BEGIN RAW DATA

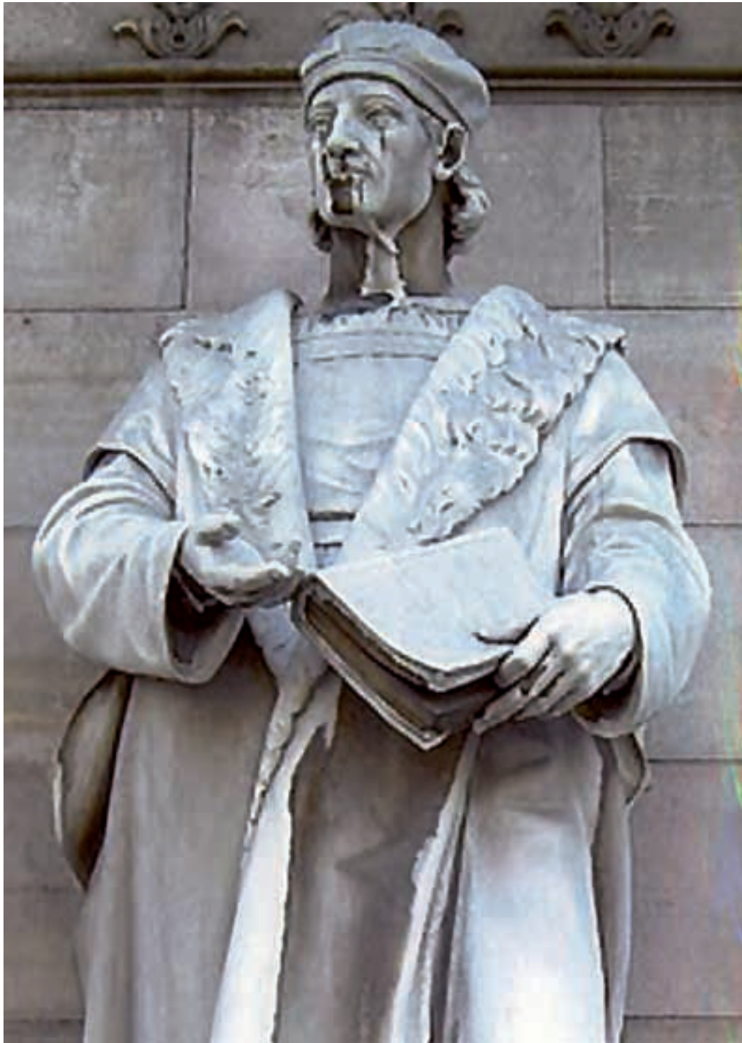
Fig. 2.- NOGUÉS GARCÍA, Anselmo: Nebrija . (Detalle). Pórtico de la fachada principal de la Biblioteca Nacional de Madrid.
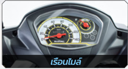
เรือนไมล์

New Suzuki Smash "Ultimate Edition" ดีไซน์ใหม่ล่าสุด สวย เก๋ พาคุณไปได้ทุกที่...ที่ใจต้องการ พร้อมเทคโนโลยีเครื่องยนต์ LEaP Technology ประสิทธิภาพสูง ประหยัดน้ำมัน ทนทาน ลิขสิทธิ์เฉพาะจาก ซูซูกิ สมุกในทุกการเดินทางไปกับ... New Suzuki Smash Fi "เติมชีวิตให้สุดสเมซ"
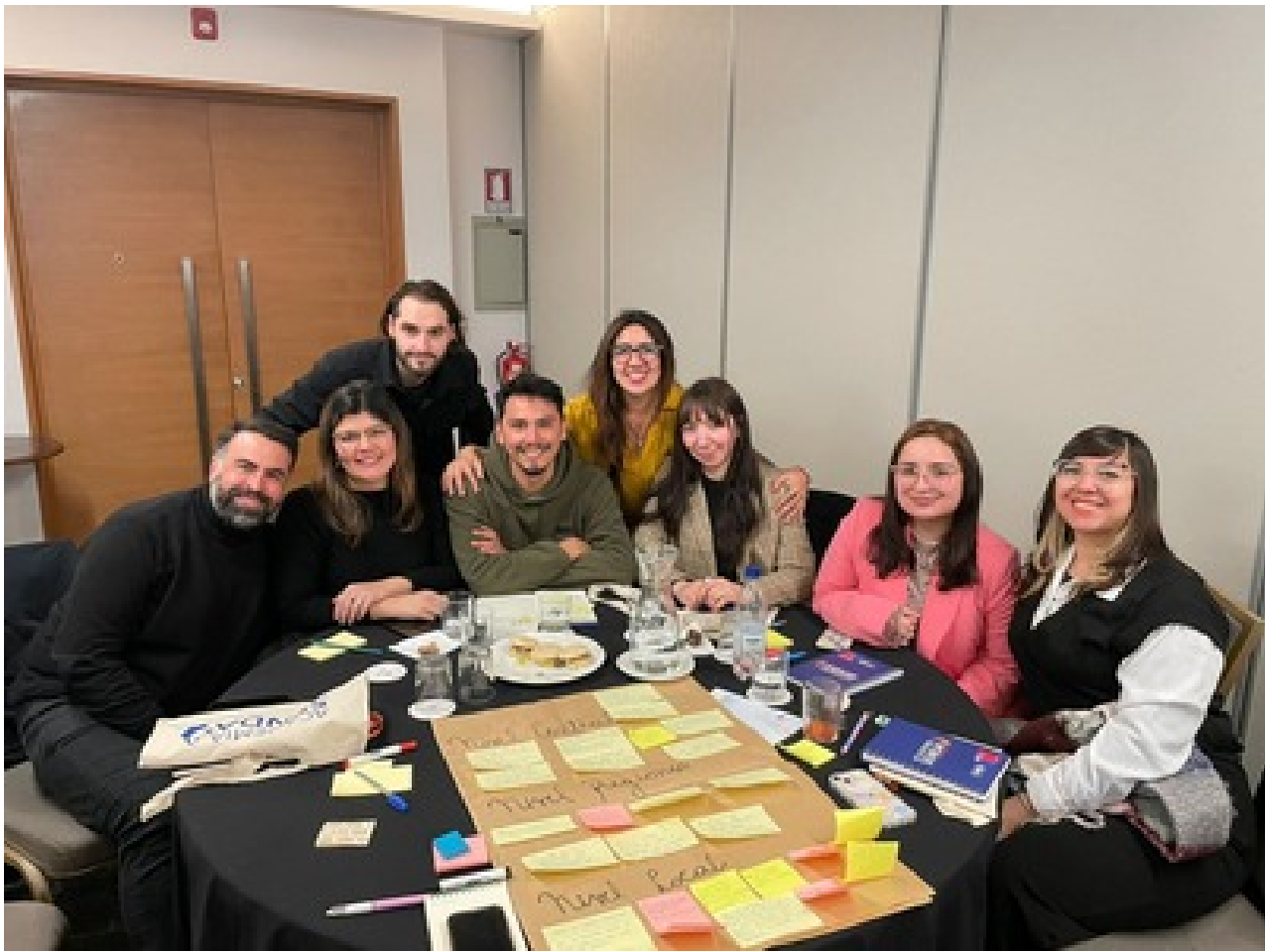
Actividades realizadas por el programa de Inclusión Social, como parte del proyecto AVANZAMOS CONTIGO. Patrocinado por el Ministerio de Desarrollo Social y Familia. En el marco de la medida subsidiaria de la ley de Inclusión Laboral.
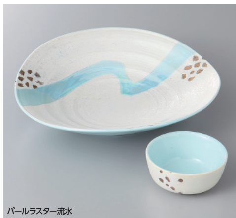
パールラスター流水

61-5-22H 3,200 円 黒丸高台向付 16.5×5.7cm 61-6-22H 1,380 円 黒丸千代口 6.5×3.3cm

END RAW DATA

HOW TO COMPLETE THIS TASK →
Please reproduce the lines above from the one containing "Actividades realizadas por" through the final line, exactly and inclusively, leaving out each picture.

ANSWER TO THIS PROBLEM →
Actividades realizadas por el programa de Inclusión Social, como parte del proyecto AVANZAMOS CONTIGO. Patrocinado por el Ministerio de Desarrollo Social y Familia. En el marco de la medida subsidiaria de la ley de Inclusión Laboral.
パールラスター流水

61-5-22H 3,200 円 黒丸高台向付 16.5×5.7cm 61-6-22H 1,380 円 黒丸千代口 6.5×3.3cm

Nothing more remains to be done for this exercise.